First, it has been well documented that individuals typically choose after having first restricted the set of alternatives they consider to a limited set of alternatives, the so-called consideration set, and this set of considered alternatives may change from one choice to another (see Eliaz and Spiegler, 2011, Caplin, Dean and Martin, 2011, Manzini and Mariotti, 2012 and 2014a, Masatlioglu, Nakajima and Ozbay, 2012, and Demuynck and Seel, 2017, to give a non-exhaustive list of examples). Consequently, an evaluator trying to measure this individual’s well-being may conclude that her well-being fails to be transitive. Second, individuals may adjust the preferences with which they are consistent to the context in which they must choose. This context-dependency may come from a possible status quo bias, in which case the individual feels a strong preference towards keeping the same original situation. This may also come from some adaptation in aspirations, anchoring, or reference-dependence.

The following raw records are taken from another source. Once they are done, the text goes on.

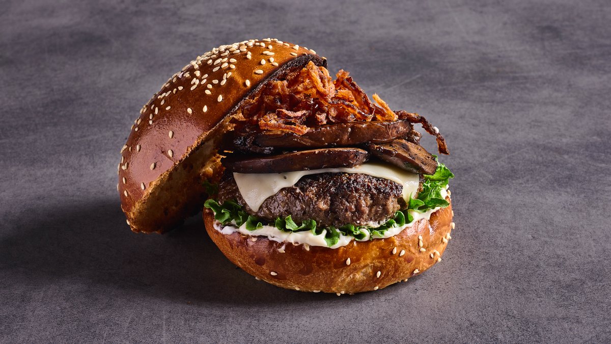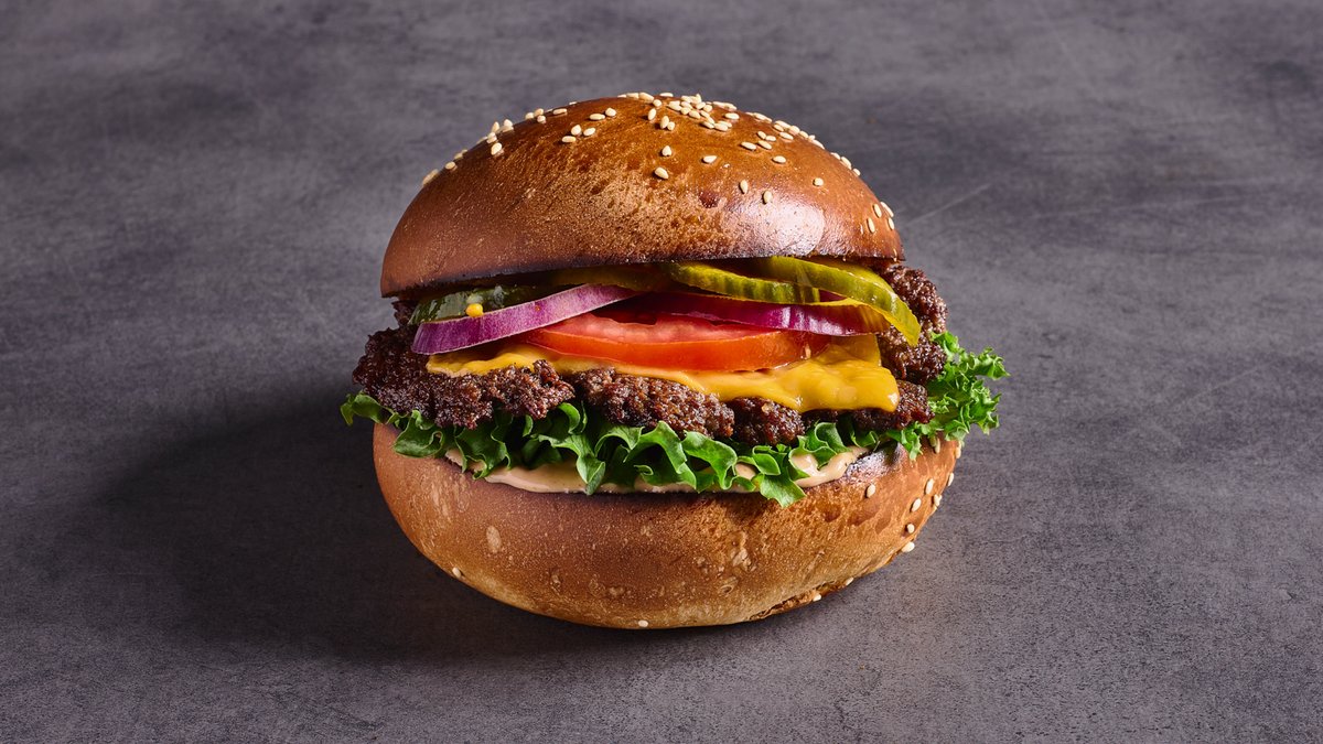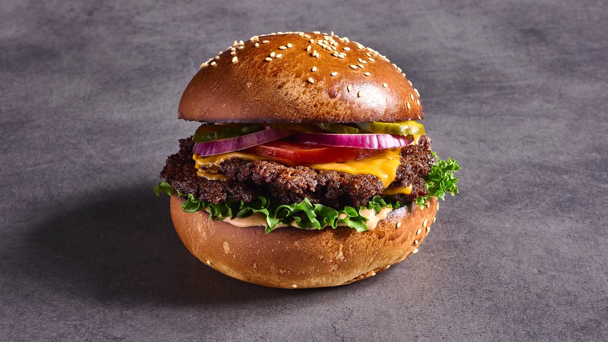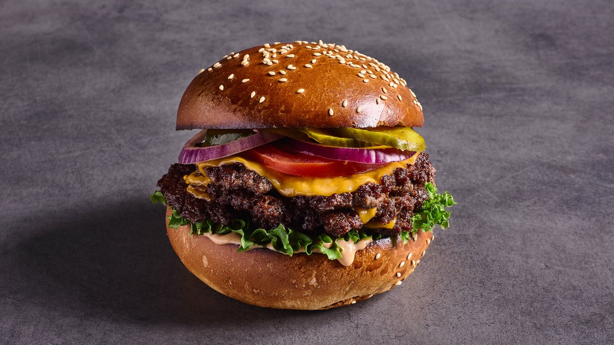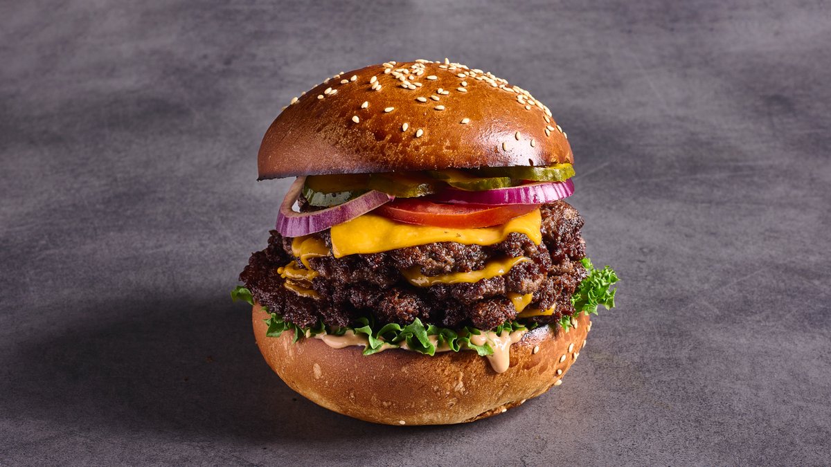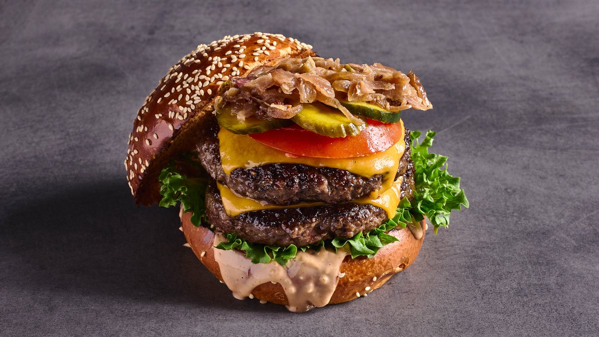 סטייק בורגר כפול צרוב בחרדל, פי שתיים צ'דר טבעונית, בצל וחלפיניו מקורמלים בחרדל, עגבנייה, מלפפון חמוץ ורוטב אנימל
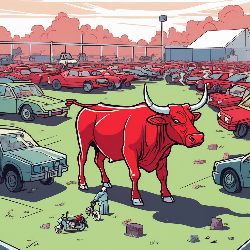 황소가 막은 주차장, 들어갈 틈이 없네!
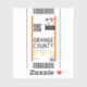 Sticker design based on a boarding pass to Orange County, California.
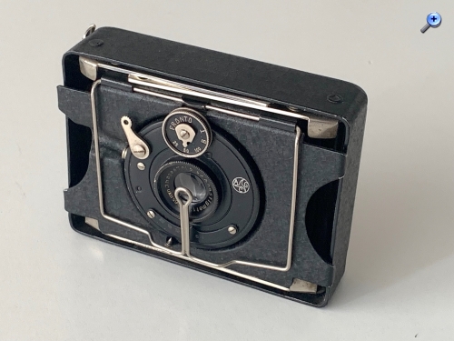 Die Modellbezeichnung deutet es an: Es handelt sich um eine sehr kleine, mit nur 155 g auch sehr leichte Plattenkamera für das Westentaschenformat 4,5x6. Das Gehäuse besteht aus Aluminium mit Hammerschlaglackierung, die hellen Teile sind vernickelt. Trotz der leichten Konstruktion steht das Objektivbrett sehr fest. Das mag auch daran liegen, dass dieses Exemplar kaum gebraucht wurde und kaum Abnutzung aufweist.
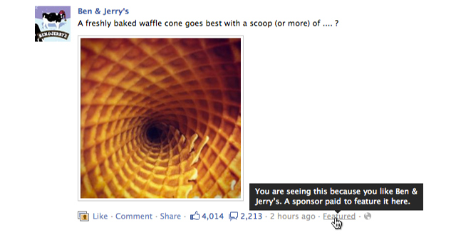 По такой же схеме действуют и новые Featured stories, однако различить рекламу такого формата намного сложнее, поскольку объявления размещаются не в правой колонке, а непосредственно в событийной ленте. Более того, проплаченные сообщения будут выглядеть как обычные посты на "стене", но с отметкой Featured рядом с датой, пишет CNET.
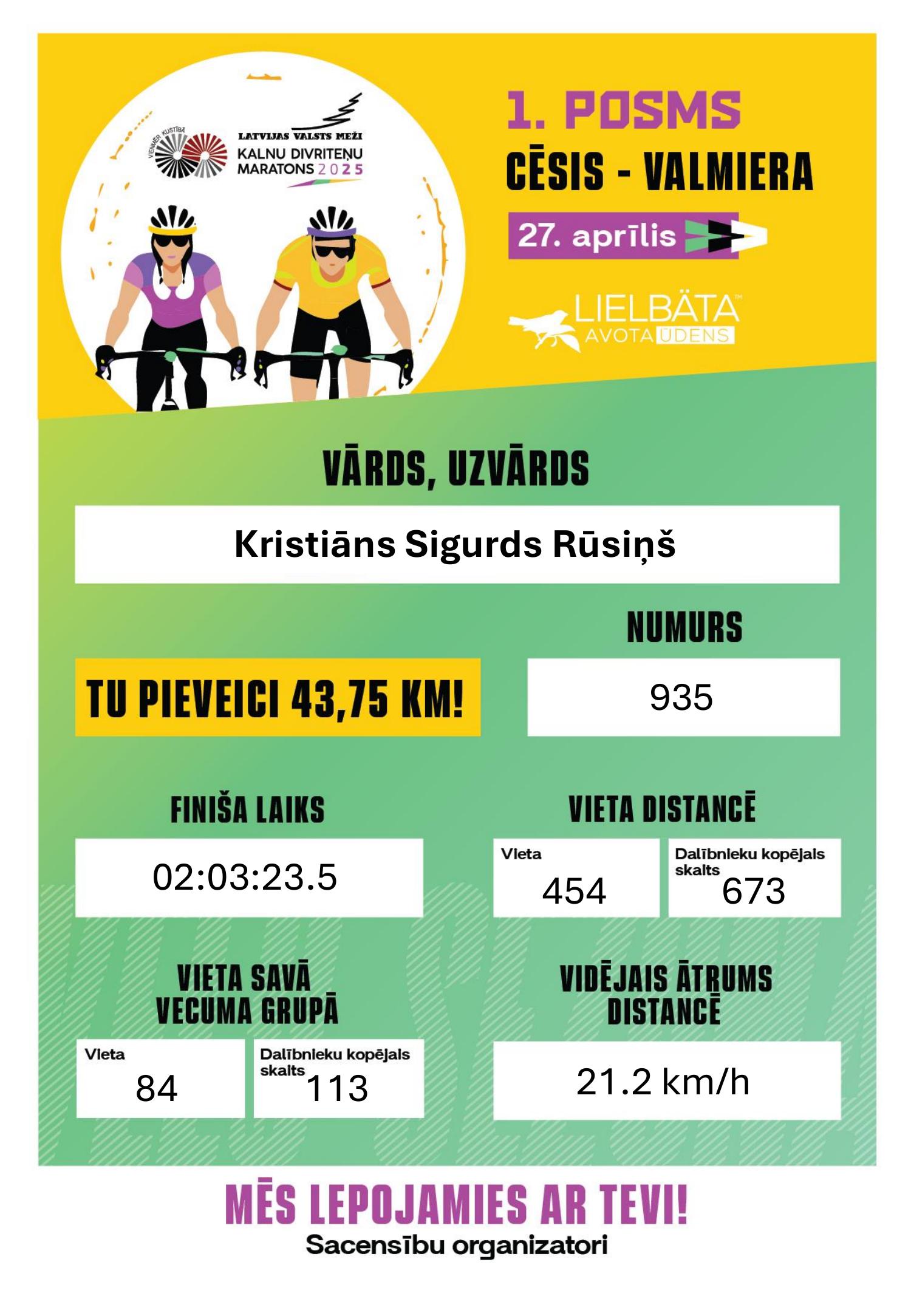 | 454 | 935 | Kristiāns Sigurds Rūsiņš | 2000 | 02:03:23.5 | +00:40:13.2 | CapyCycleTM | 607 | 🇱🇻 LAT | M19-34 |

See Kalai, Rubinstein and Spiegler (2002) and Manzini and Mariotti (2007, 2015, 2016) for examples of context-dependent preferences and variations.

In the first example, it could remain meaningful to speak of ‘true’ underlying preferences (i.e. variables not related to the preferences explain the observed intransitivities), and the effort of the evaluator should be to retrieve these true preferences. This is not always the case in the second example. Further, it is not clear how and which preferences should intervene in the definition of well-being.

Two main reactions to this transitivity failure have been observed among welfare economists. The first reaction consists in identifying this failure as a further argument to favor either the purely subjective or the purely objective approaches to well-being measurement (see, Dolan and Kahneman 2008, for instance). We consider these reactions as non-starters, given the fundamental drawbacks of these approaches that we briefly discussed above.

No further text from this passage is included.